Compress Then Adapt? No, Do It Together via Task-aware Union of Subspaces

Adapting large pretrained models to diverse tasks is now routine, yet the two dominant strategies of parameter-efficient fine-tuning (PEFT) and low-rank compression are typically composed in sequence. This decoupled practice first compresses and then fine-tunes adapters, potentially misaligning the compressed subspace with downstream objectives and squandering a global parameter budget.
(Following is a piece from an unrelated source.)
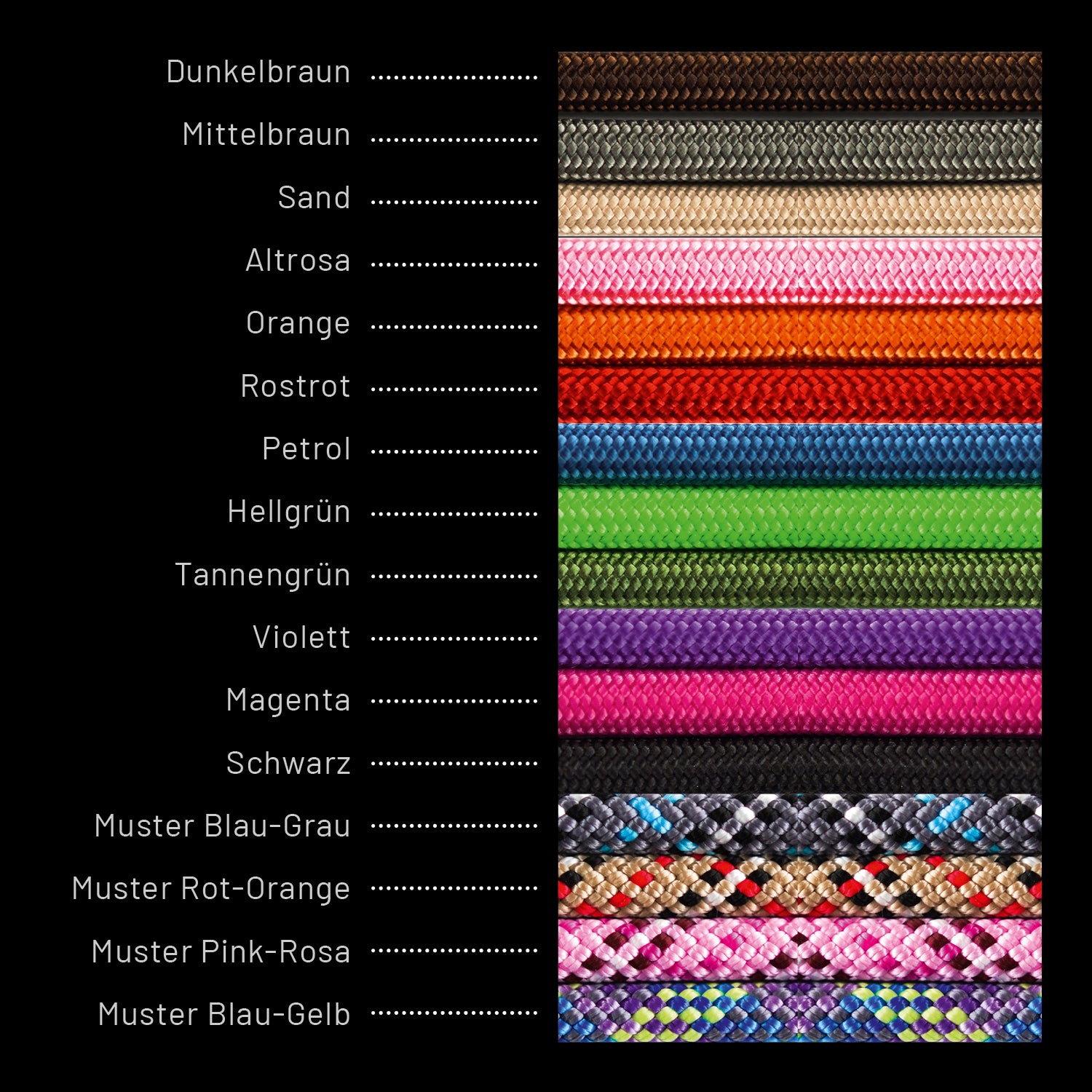 Bitte beachten Sie die Abbildungen bei der Auswahl von Farbe und Ausführung! Farbdarstellungen können je nach Monitor leicht abweichen. Alle Leinen sind mit einem robustem, rostfreiem Edelstahl-Karabiner zur Befestigung an Halsband oder Geschirr versehen.

To overcome this limitation, we introduce JACTUS (Joint Adaptation and Compression with a Task-aware Union of Subspaces), a single framework that unifies compression and adaptation. From a small calibration set, JACTUS estimates input and pre-activation gradient covariances, forms their orthogonal union with the pretrained weight subspace, performs a projected low-rank approximation inside this union, allocates rank globally by marginal gain per parameter, and trains only a compact core matrix. This explicitly mitigates the potential misalignment between the compressed subspace and downstream objectives by coupling the directions preserved for compression with those required for adaptation, yielding a deployable low-rank model that avoids retaining full frozen weights while enabling fast and robust tuning. On vision, JACTUS attains an average 89.2% accuracy on ViT-Base across eight datasets at 80% retained parameters, surpassing strong 100% PEFT baselines (e.g., DoRA 87.9%). On language, JACTUS achieves an 80.9% average on Llama2-7B commonsense QA at the same 80% retained-parameter budget, outperforming 100% PEFT (e.g., DoRA 79.7%) and exceeding prior compress-then-finetune pipelines under the same ratained-parameter budget. We will release code.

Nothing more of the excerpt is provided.